ACTIVITY: Copy the listing that follows exactly. Its pictures do not belong in the copy.

DATA BLOCK:
__________
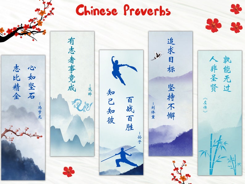 Chinese Printable Bookmarks for Students 10 Chinese Proverbs 10
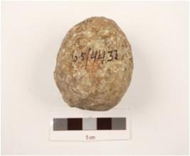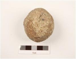 | Description / विवरण | Basalt ball, spherical shape, rough surface and packing marks on surface. |
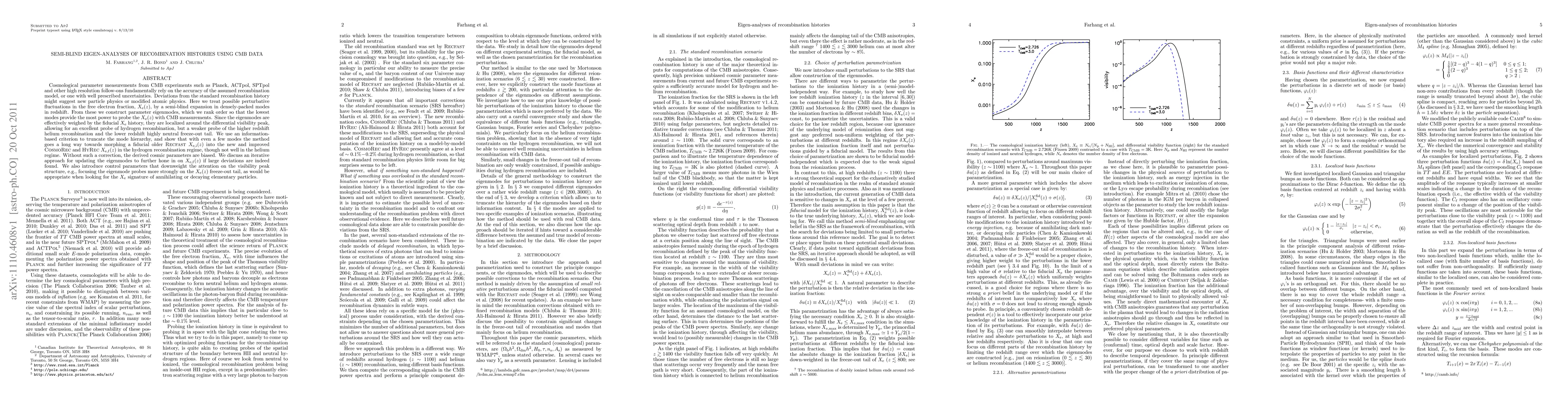 Cosmological parameter measurements from CMB experiments such as Planck, ACTpol, SPTpol and other high resolution follow-ons fundamentally rely on the accuracy of the assumed recombination model, or one with well prescribed uncertainties. Deviations from the standard recombination history might suggest new particle physics or modified atomic physics. Here we treat possible perturbative fluctuations in the free electron fraction, $\Xe(z)$, by a semi-blind expansion in densely-packed modes in redshift. From these we construct parameter eigenmodes, which we rank order so that the lowest modes provide the most power to probe the $\Xe(z)$ with CMB measurements. Since the eigenmodes are effectively weighed by the fiducial $\Xe$ history, they are localized around the differential visibility peak, allowing for an excellent probe of hydrogen recombination, but a weaker probe of the higher redshift helium recombination and the lower redshift highly neutral freeze-out tail. We use an information-based criterion to truncate the mode hierarchy, and show that with even a few modes the method goes a long way towards morphing a fiducial older {\sc Recfast} $X_{\rm e,i} (z)$ into the new and improved {\sc CosmoRec} and {\sc HyRec} $X_{\rm e,f} (z)$ in the hydrogen recombination regime, though not well in the helium regime. Without such a correction, the derived cosmic parameters are biased. We discuss an iterative approach for updating the eigenmodes to further hone in on $X_{\rm e,f} (z)$ if large deviations are indeed found. We also introduce control parameters that downweight the attention on the visibility peak structure, e.g., focusing the eigenmode probes more strongly on the $\Xe (z)$ freeze-out tail, as would be appropriate when looking for the $\Xe$ signature of annihilating or decaying elementary particles.
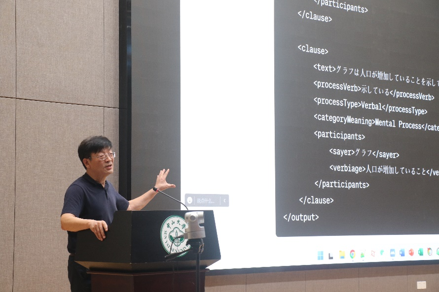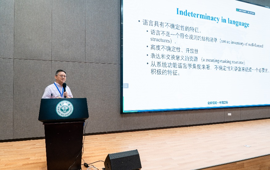 常晨光教授发表了一场题为“Managing indeterminacy of language in translation”的主旨报告。他在讲座中提到,不确定性是语言固有的、必要的特征。从系统功能语言学角度来看,不确定性既是必要的,也是积极的,它使语言能够实现其丰富性。韩礼德认为,语言中的不确定性以grammatical compromise的形式出现。系统功能语言学为不确定性这一现象提供了新的视角,也为翻译研究提供了新的启示。
__________
RESULT FOR THIS TASK:
 Chinese Printable Bookmarks for Students 10 Chinese Proverbs 10
 | Description / विवरण | Basalt ball, spherical shape, rough surface and packing marks on surface. |
 Cosmological parameter measurements from CMB experiments such as Planck, ACTpol, SPTpol and other high resolution follow-ons fundamentally rely on the accuracy of the assumed recombination model, or one with well prescribed uncertainties. Deviations from the standard recombination history might suggest new particle physics or modified atomic physics. Here we treat possible perturbative fluctuations in the free electron fraction, $\Xe(z)$, by a semi-blind expansion in densely-packed modes in redshift. From these we construct parameter eigenmodes, which we rank order so that the lowest modes provide the most power to probe the $\Xe(z)$ with CMB measurements. Since the eigenmodes are effectively weighed by the fiducial $\Xe$ history, they are localized around the differential visibility peak, allowing for an excellent probe of hydrogen recombination, but a weaker probe of the higher redshift helium recombination and the lower redshift highly neutral freeze-out tail. We use an information-based criterion to truncate the mode hierarchy, and show that with even a few modes the method goes a long way towards morphing a fiducial older {\sc Recfast} $X_{\rm e,i} (z)$ into the new and improved {\sc CosmoRec} and {\sc HyRec} $X_{\rm e,f} (z)$ in the hydrogen recombination regime, though not well in the helium regime. Without such a correction, the derived cosmic parameters are biased. We discuss an iterative approach for updating the eigenmodes to further hone in on $X_{\rm e,f} (z)$ if large deviations are indeed found. We also introduce control parameters that downweight the attention on the visibility peak structure, e.g., focusing the eigenmode probes more strongly on the $\Xe (z)$ freeze-out tail, as would be appropriate when looking for the $\Xe$ signature of annihilating or decaying elementary particles.
 常晨光教授发表了一场题为“Managing indeterminacy of language in translation”的主旨报告。他在讲座中提到,不确定性是语言固有的、必要的特征。从系统功能语言学角度来看,不确定性既是必要的,也是积极的,它使语言能够实现其丰富性。韩礼德认为,语言中的不确定性以grammatical compromise的形式出现。系统功能语言学为不确定性这一现象提供了新的视角,也为翻译研究提供了新的启示。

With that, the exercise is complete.